TASK: Please copy, word for word, the line holding "- Baking Sheet: To" and each line that follows it through the end of the entries, omitting any pictures.

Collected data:
▼

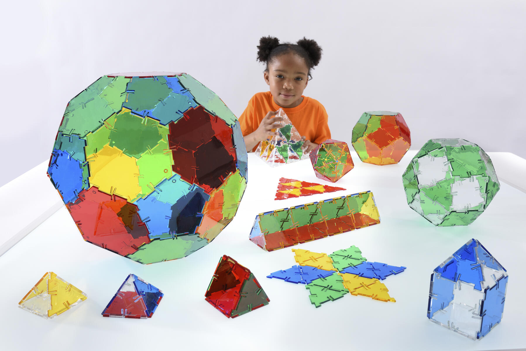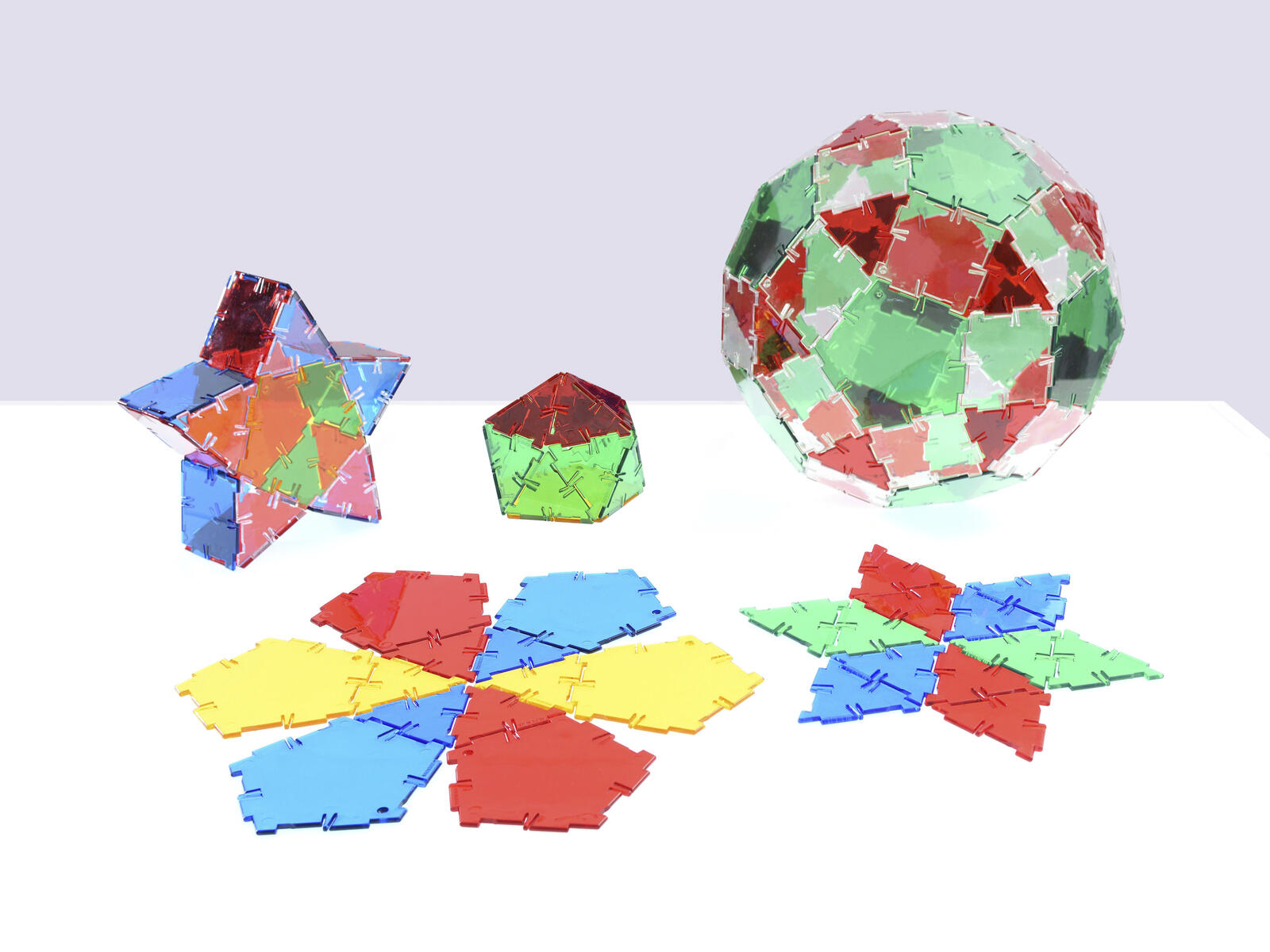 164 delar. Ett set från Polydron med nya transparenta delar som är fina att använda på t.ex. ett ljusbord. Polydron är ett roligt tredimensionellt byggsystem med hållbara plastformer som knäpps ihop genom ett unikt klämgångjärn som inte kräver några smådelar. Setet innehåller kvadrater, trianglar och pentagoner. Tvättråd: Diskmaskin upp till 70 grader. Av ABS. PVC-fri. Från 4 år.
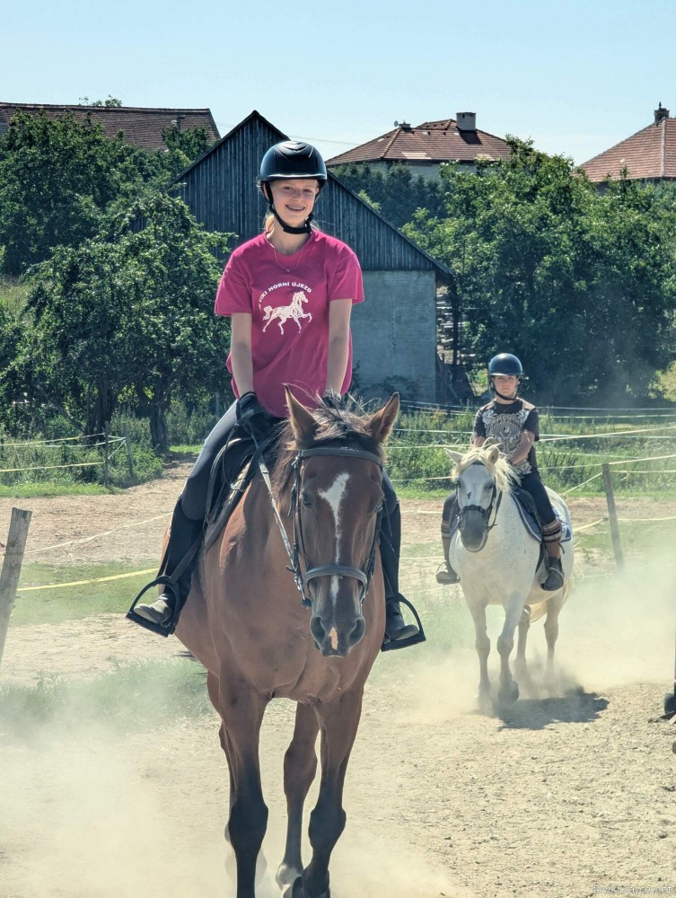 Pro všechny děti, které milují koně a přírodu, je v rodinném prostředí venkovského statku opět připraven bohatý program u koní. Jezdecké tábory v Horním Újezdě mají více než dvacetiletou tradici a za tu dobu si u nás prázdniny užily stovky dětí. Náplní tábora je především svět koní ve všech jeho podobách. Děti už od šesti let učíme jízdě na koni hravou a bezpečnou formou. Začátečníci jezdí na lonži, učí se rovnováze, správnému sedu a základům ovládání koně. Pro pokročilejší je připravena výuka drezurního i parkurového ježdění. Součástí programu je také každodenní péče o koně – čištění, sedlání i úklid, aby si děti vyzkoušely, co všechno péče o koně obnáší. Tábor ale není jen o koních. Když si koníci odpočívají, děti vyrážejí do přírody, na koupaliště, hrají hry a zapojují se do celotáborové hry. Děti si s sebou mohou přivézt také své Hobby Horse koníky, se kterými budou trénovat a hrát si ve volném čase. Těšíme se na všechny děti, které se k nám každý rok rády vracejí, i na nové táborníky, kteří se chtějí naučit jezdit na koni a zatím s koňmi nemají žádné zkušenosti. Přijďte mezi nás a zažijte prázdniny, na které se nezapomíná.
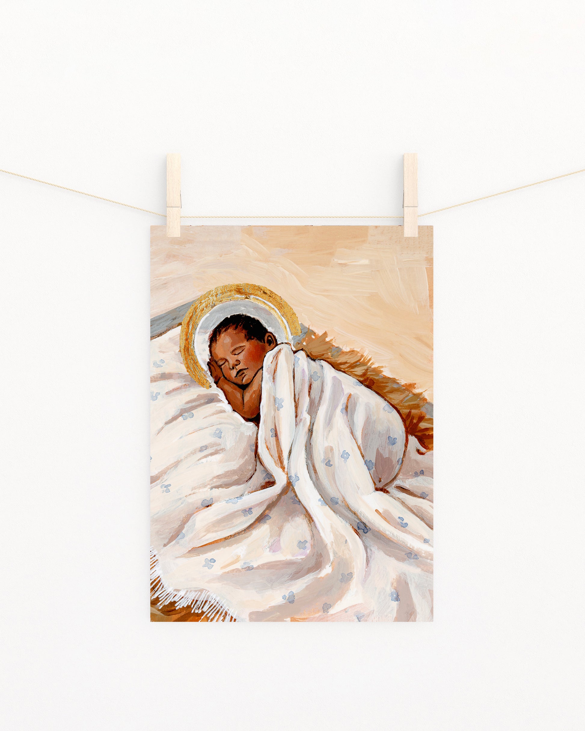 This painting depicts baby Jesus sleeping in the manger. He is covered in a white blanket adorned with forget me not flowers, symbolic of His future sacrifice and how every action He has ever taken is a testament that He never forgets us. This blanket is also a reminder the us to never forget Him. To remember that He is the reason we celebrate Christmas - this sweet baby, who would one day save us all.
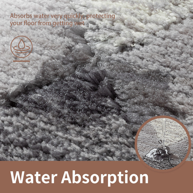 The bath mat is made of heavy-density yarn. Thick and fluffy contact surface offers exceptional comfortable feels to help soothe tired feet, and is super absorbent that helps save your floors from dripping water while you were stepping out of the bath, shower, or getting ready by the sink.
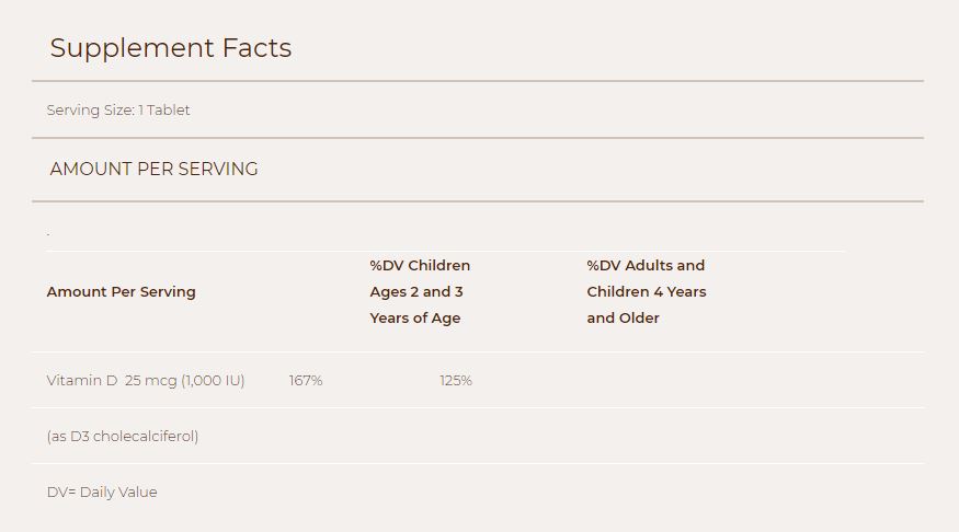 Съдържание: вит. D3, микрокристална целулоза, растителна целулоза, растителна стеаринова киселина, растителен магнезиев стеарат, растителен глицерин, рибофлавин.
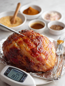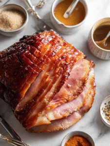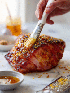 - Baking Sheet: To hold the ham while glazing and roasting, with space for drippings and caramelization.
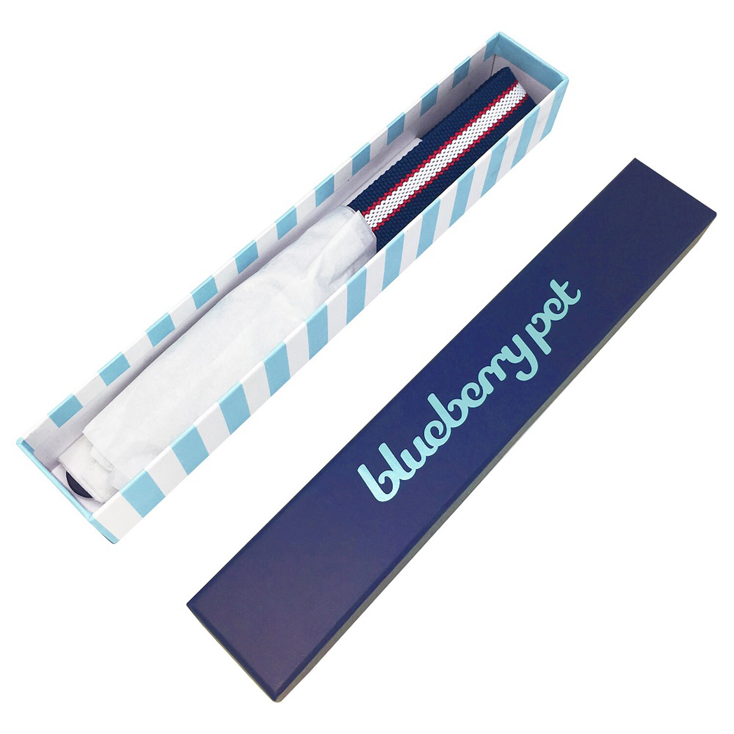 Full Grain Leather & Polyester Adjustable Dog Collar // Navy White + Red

▲

RESULT OF THIS EXERCISE:
 - Baking Sheet: To hold the ham while glazing and roasting, with space for drippings and caramelization.
 Full Grain Leather & Polyester Adjustable Dog Collar // Navy White + Red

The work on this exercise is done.